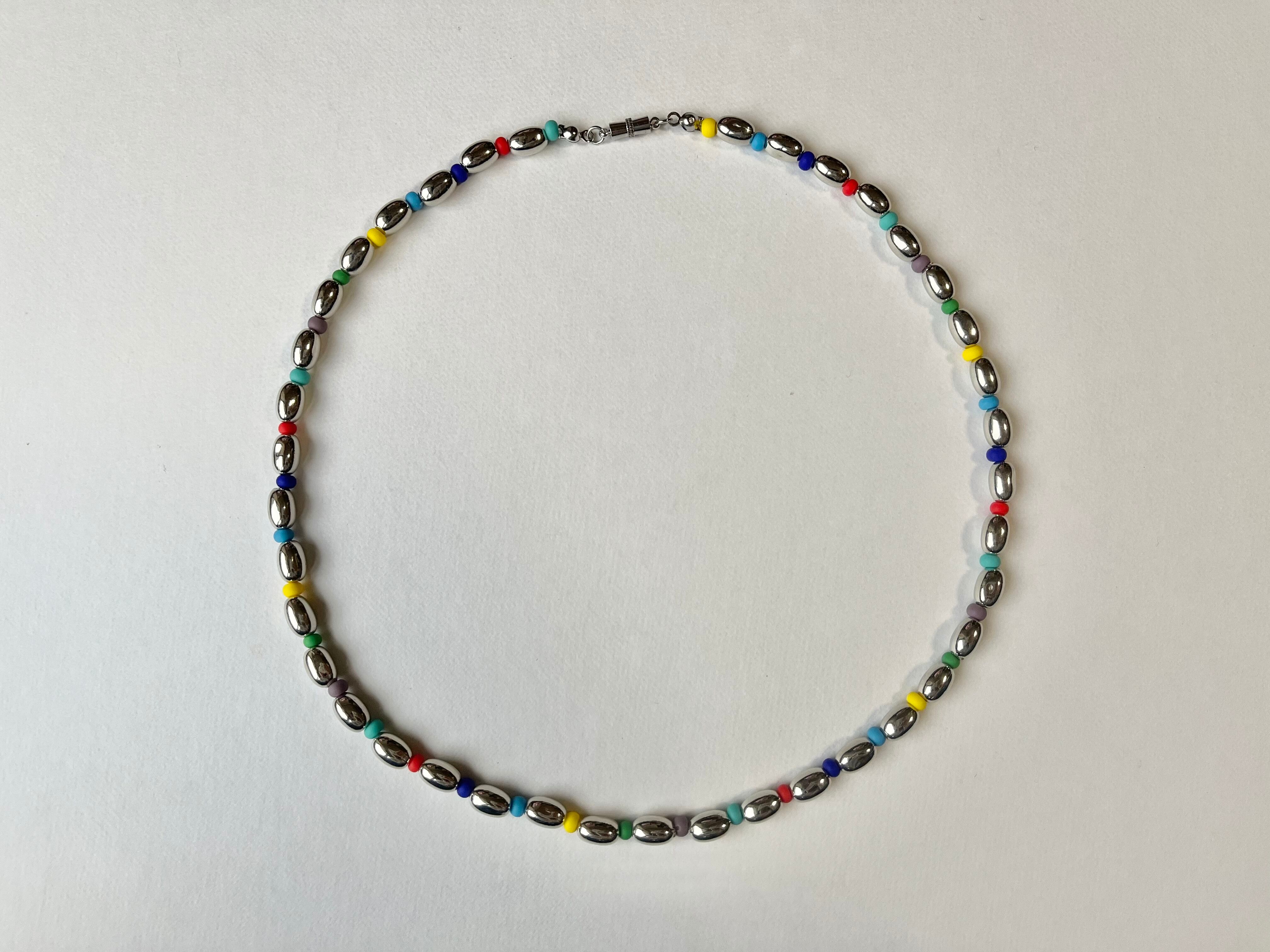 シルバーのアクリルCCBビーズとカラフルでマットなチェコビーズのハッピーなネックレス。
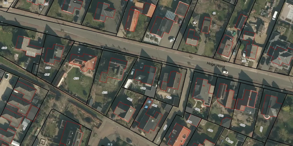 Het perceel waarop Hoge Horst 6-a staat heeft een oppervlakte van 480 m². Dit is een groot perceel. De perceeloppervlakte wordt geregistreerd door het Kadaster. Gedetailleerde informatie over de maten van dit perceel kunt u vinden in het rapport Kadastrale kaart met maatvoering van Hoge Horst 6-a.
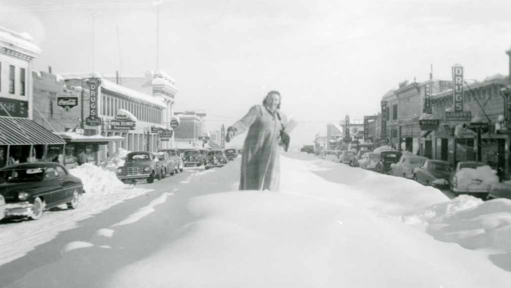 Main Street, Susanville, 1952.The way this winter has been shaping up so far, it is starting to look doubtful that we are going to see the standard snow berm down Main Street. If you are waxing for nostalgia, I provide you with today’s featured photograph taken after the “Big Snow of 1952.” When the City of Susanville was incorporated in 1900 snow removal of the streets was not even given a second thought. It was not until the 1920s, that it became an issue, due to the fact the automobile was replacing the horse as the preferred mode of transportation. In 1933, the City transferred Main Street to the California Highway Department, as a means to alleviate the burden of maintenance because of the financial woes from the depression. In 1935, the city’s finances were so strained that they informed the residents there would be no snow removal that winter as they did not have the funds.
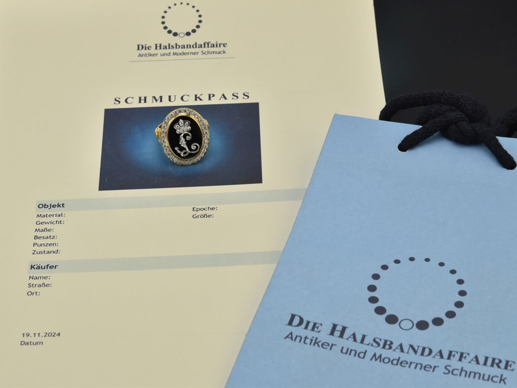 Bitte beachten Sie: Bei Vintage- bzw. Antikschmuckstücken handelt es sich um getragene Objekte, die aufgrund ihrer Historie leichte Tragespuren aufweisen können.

◆ **WHAT IS NEEDED**
With the pictures removed, set down every line of the listing above exactly.

◆ **FINAL ANSWER**
 シルバーのアクリルCCBビーズとカラフルでマットなチェコビーズのハッピーなネックレス。
 Het perceel waarop Hoge Horst 6-a staat heeft een oppervlakte van 480 m². Dit is een groot perceel. De perceeloppervlakte wordt geregistreerd door het Kadaster. Gedetailleerde informatie over de maten van dit perceel kunt u vinden in het rapport Kadastrale kaart met maatvoering van Hoge Horst 6-a.
 Main Street, Susanville, 1952.The way this winter has been shaping up so far, it is starting to look doubtful that we are going to see the standard snow berm down Main Street. If you are waxing for nostalgia, I provide you with today’s featured photograph taken after the “Big Snow of 1952.” When the City of Susanville was incorporated in 1900 snow removal of the streets was not even given a second thought. It was not until the 1920s, that it became an issue, due to the fact the automobile was replacing the horse as the preferred mode of transportation. In 1933, the City transferred Main Street to the California Highway Department, as a means to alleviate the burden of maintenance because of the financial woes from the depression. In 1935, the city’s finances were so strained that they informed the residents there would be no snow removal that winter as they did not have the funds.
 Bitte beachten Sie: Bei Vintage- bzw. Antikschmuckstücken handelt es sich um getragene Objekte, die aufgrund ihrer Historie leichte Tragespuren aufweisen können.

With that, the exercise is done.